## ENTRIES SHOWN

··········

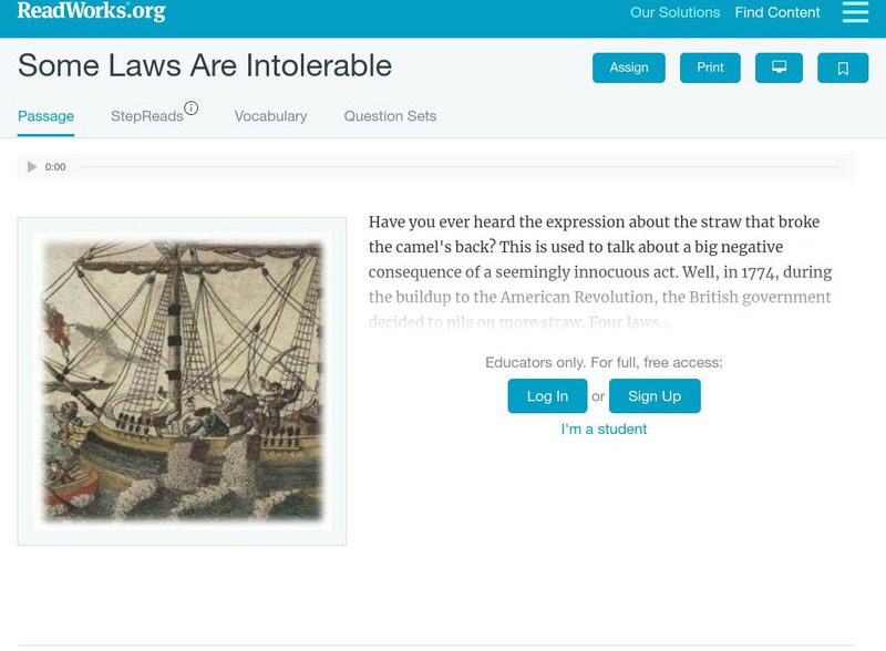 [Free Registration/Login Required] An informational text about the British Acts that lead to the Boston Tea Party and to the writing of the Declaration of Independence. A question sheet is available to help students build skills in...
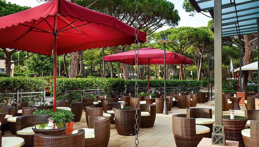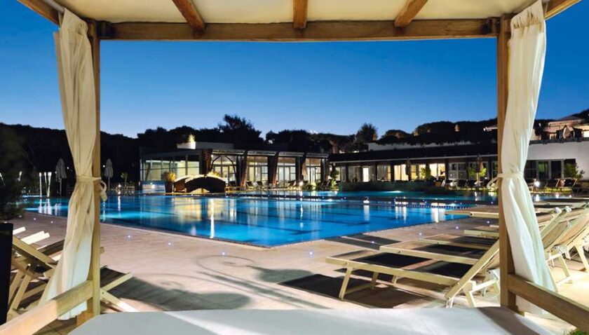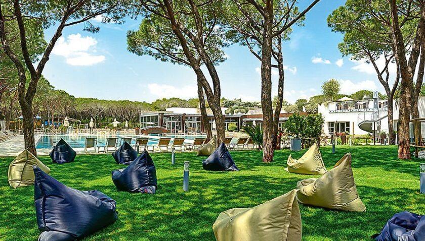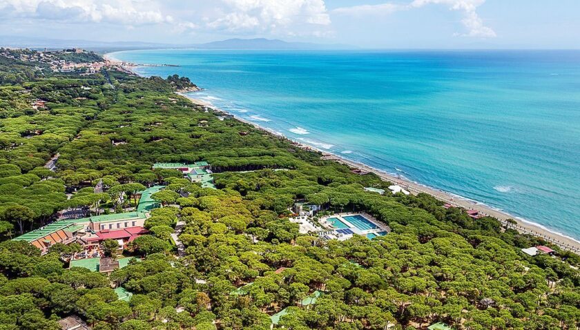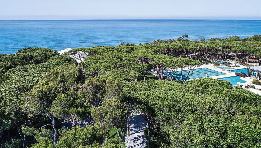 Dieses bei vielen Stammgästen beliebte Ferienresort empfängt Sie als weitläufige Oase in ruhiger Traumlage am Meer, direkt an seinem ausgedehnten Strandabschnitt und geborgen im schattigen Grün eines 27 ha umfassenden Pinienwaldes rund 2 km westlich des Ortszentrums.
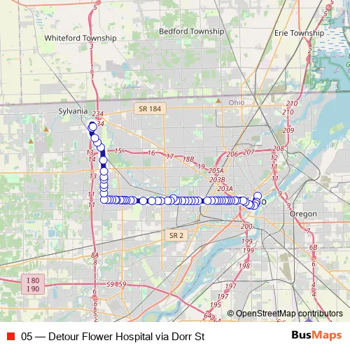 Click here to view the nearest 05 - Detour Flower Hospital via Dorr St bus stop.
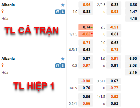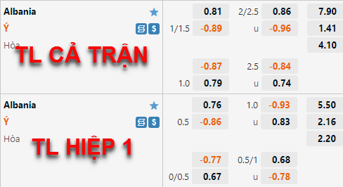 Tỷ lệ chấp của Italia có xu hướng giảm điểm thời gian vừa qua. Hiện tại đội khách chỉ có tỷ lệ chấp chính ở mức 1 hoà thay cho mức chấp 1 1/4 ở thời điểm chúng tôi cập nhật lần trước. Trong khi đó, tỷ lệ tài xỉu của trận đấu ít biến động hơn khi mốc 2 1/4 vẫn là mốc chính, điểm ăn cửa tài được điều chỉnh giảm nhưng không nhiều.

··········

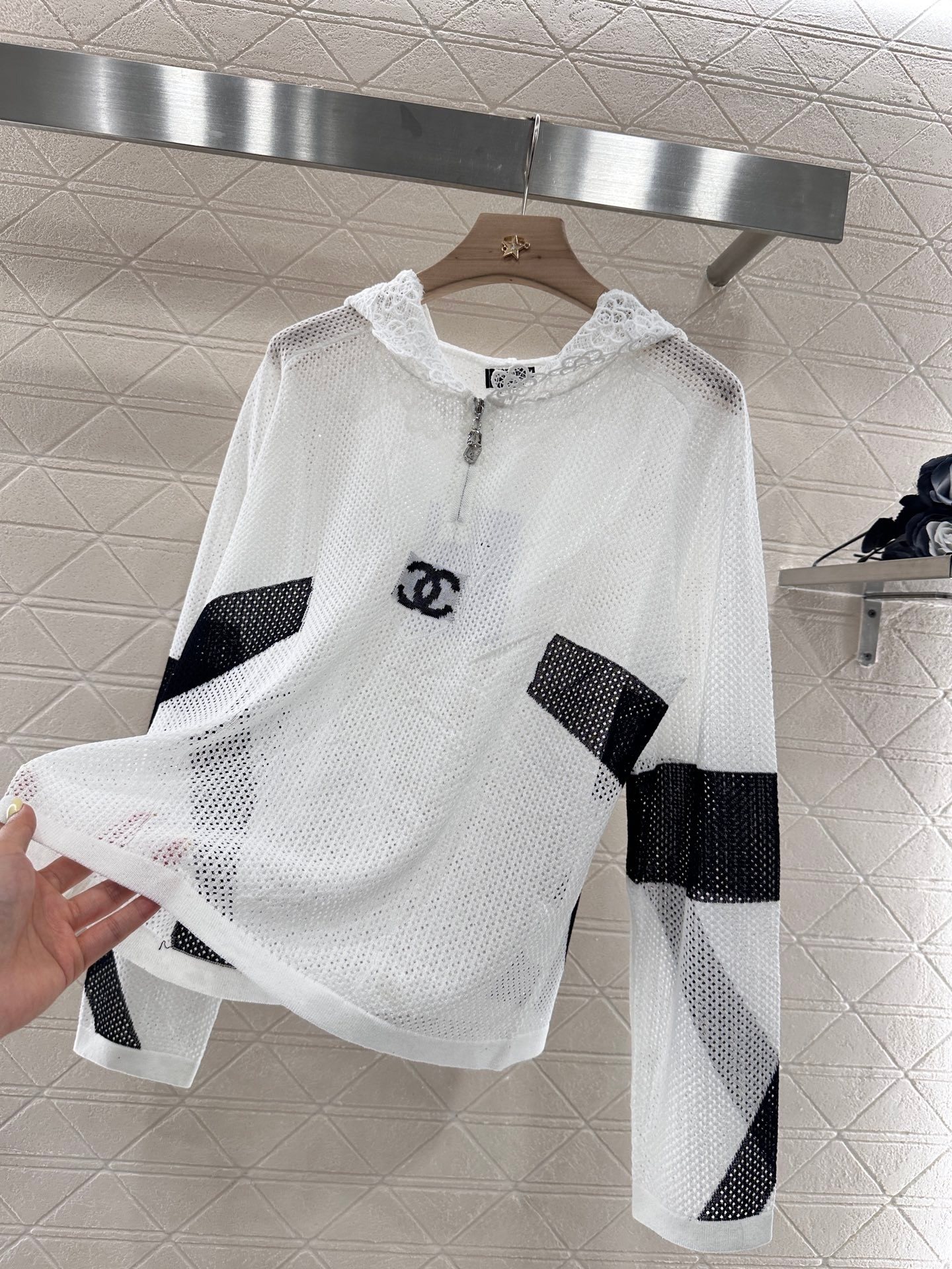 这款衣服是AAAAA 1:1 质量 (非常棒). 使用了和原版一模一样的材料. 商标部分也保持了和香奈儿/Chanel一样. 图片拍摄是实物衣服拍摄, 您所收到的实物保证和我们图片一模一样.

··········

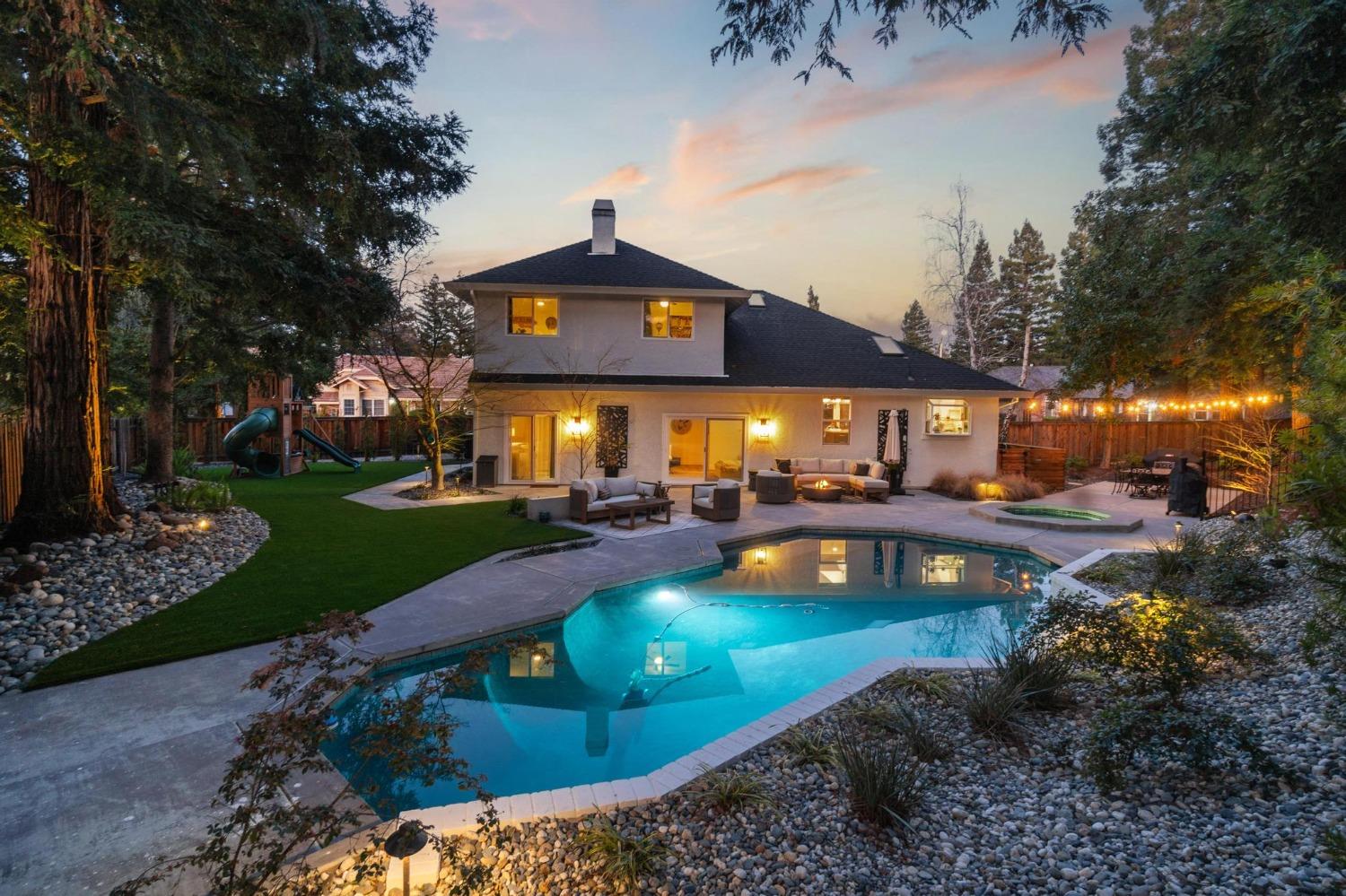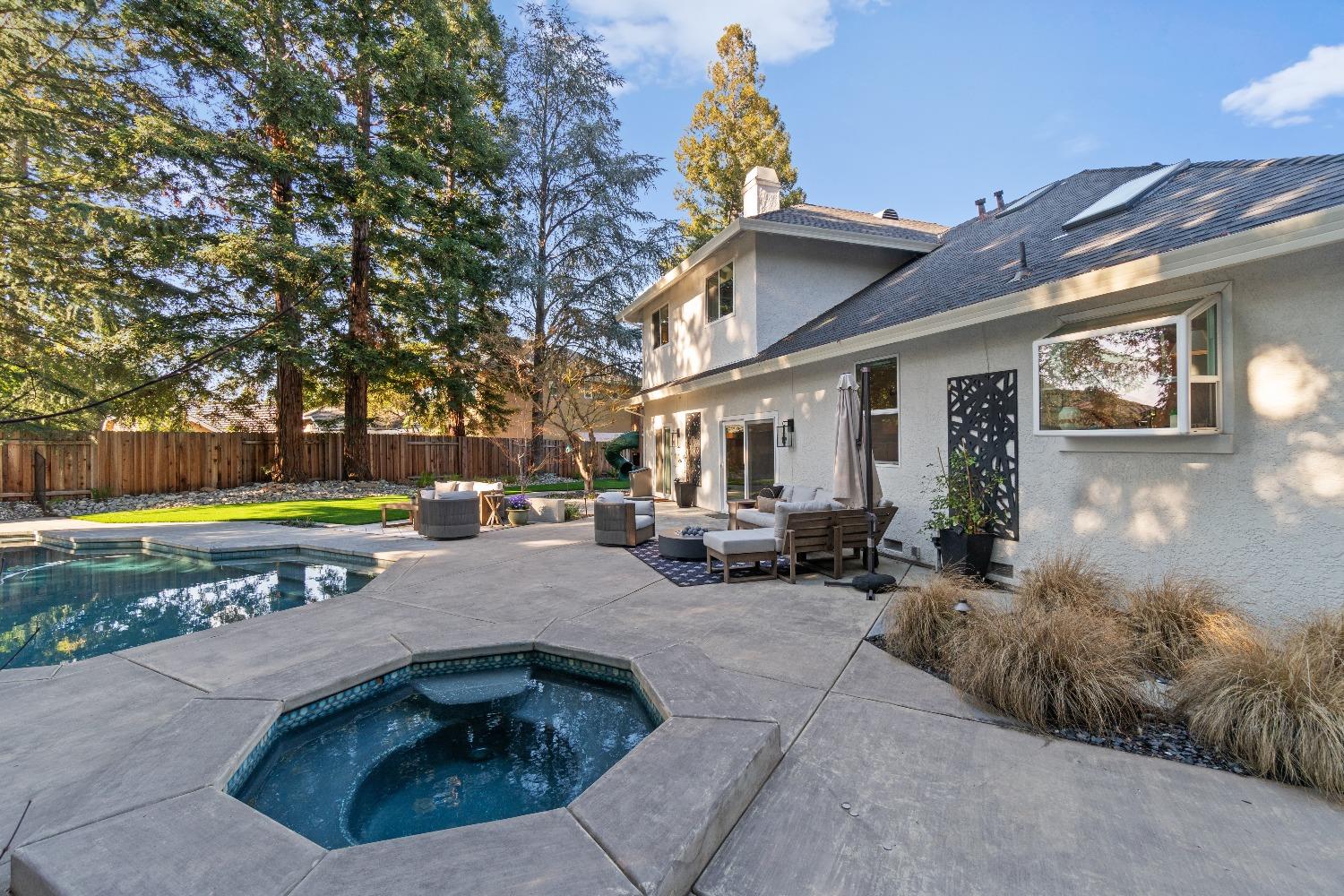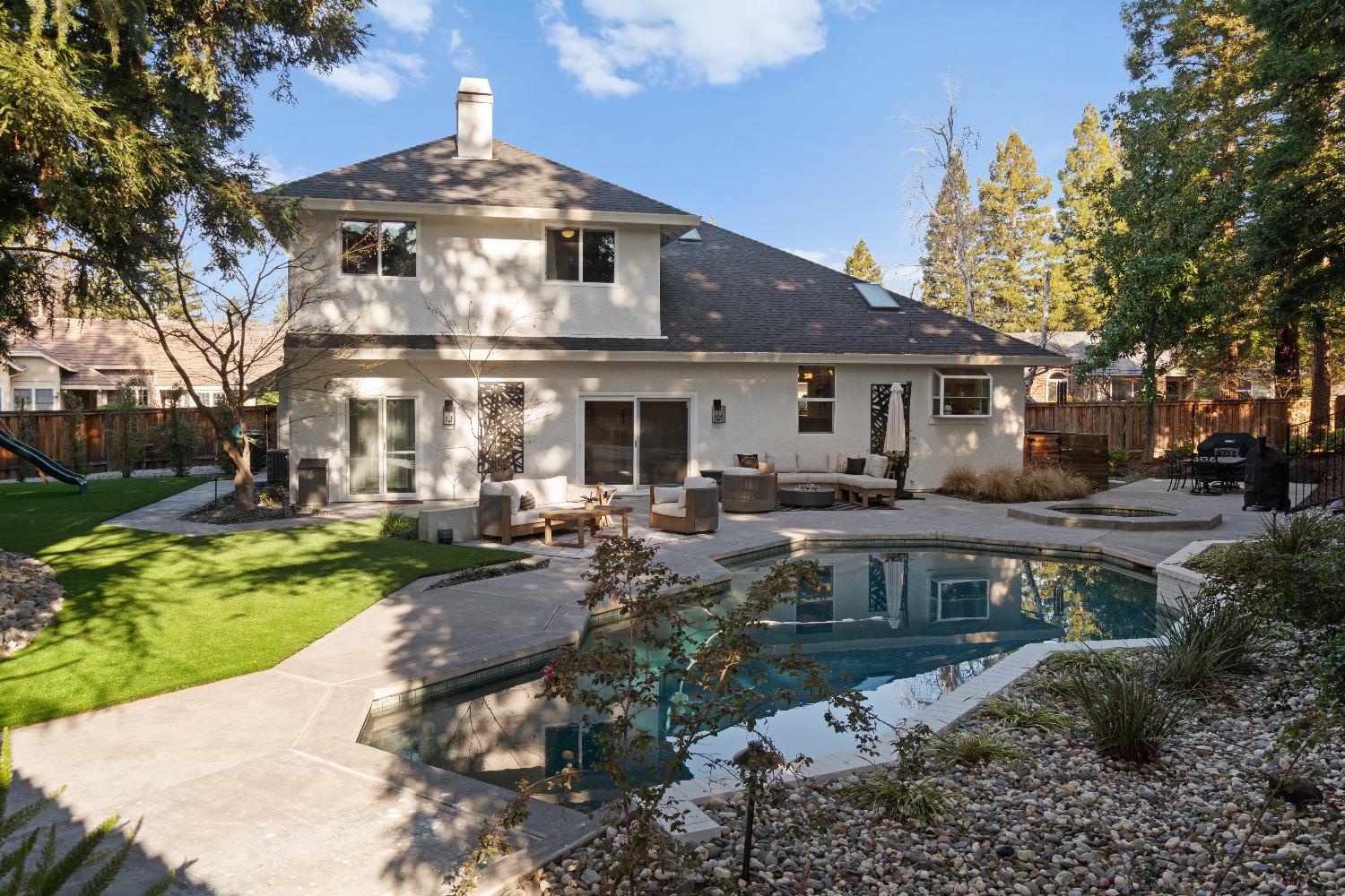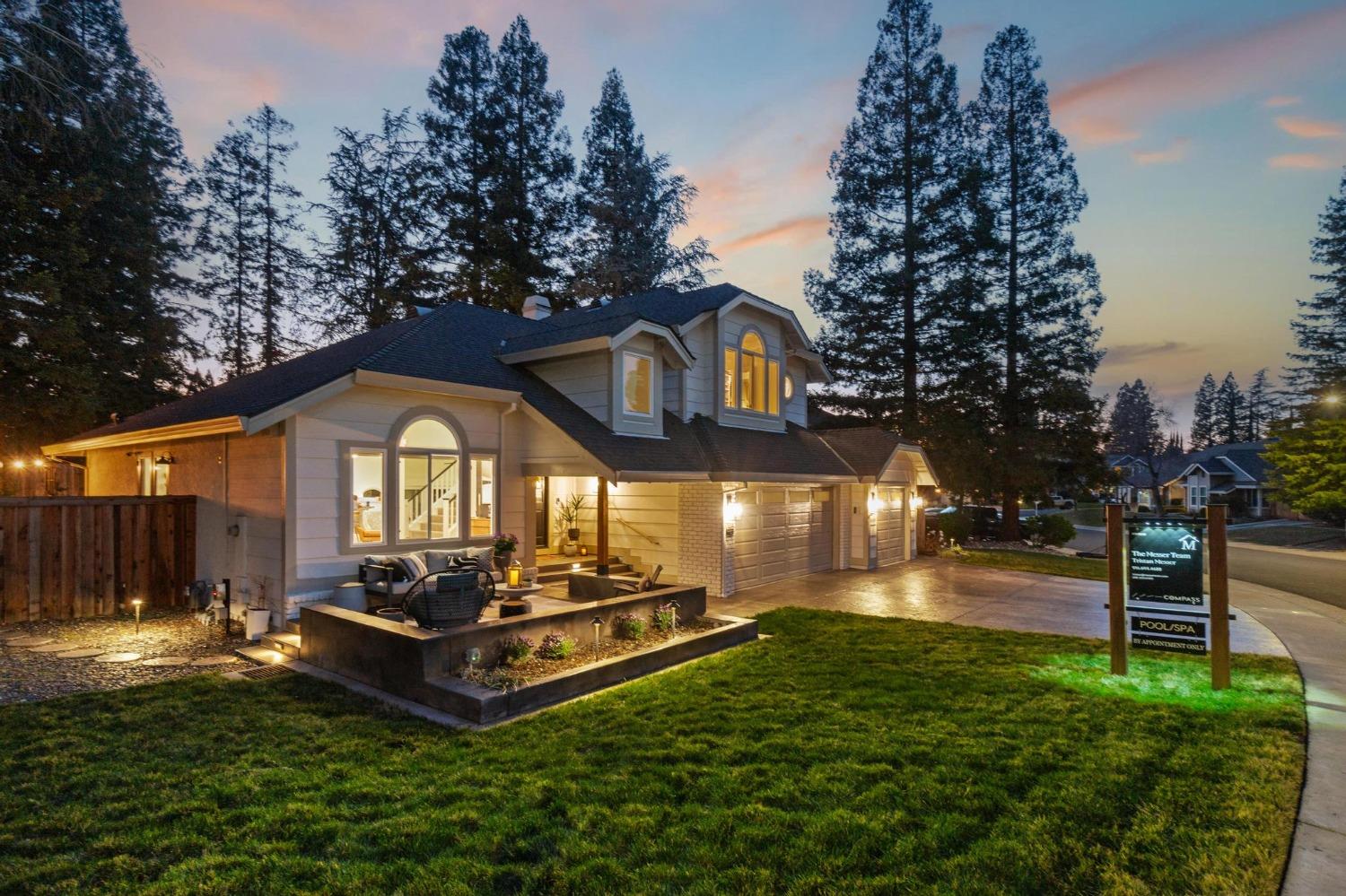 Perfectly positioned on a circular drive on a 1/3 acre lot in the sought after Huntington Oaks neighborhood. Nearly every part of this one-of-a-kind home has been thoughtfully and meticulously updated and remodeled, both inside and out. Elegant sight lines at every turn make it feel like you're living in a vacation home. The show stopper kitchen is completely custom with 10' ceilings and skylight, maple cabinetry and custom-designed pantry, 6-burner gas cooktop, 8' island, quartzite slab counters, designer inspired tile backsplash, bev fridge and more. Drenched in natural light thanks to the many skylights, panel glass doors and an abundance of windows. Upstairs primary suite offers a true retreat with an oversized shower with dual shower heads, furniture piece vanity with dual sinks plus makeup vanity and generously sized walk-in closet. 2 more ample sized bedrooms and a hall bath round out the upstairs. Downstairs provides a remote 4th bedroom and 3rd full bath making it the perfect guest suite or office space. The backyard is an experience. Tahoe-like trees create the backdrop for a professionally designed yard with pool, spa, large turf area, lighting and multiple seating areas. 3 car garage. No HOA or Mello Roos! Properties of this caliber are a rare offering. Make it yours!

··········

## WHAT TO PRODUCE
Output only the stretch above from the line with "Click here to" through the line with "Tỷ lệ chấp của", reproduced exactly. Exclude pictures.

## RESPONSE
 Click here to view the nearest 05 - Detour Flower Hospital via Dorr St bus stop.
 Tỷ lệ chấp của Italia có xu hướng giảm điểm thời gian vừa qua. Hiện tại đội khách chỉ có tỷ lệ chấp chính ở mức 1 hoà thay cho mức chấp 1 1/4 ở thời điểm chúng tôi cập nhật lần trước. Trong khi đó, tỷ lệ tài xỉu của trận đấu ít biến động hơn khi mốc 2 1/4 vẫn là mốc chính, điểm ăn cửa tài được điều chỉnh giảm nhưng không nhiều.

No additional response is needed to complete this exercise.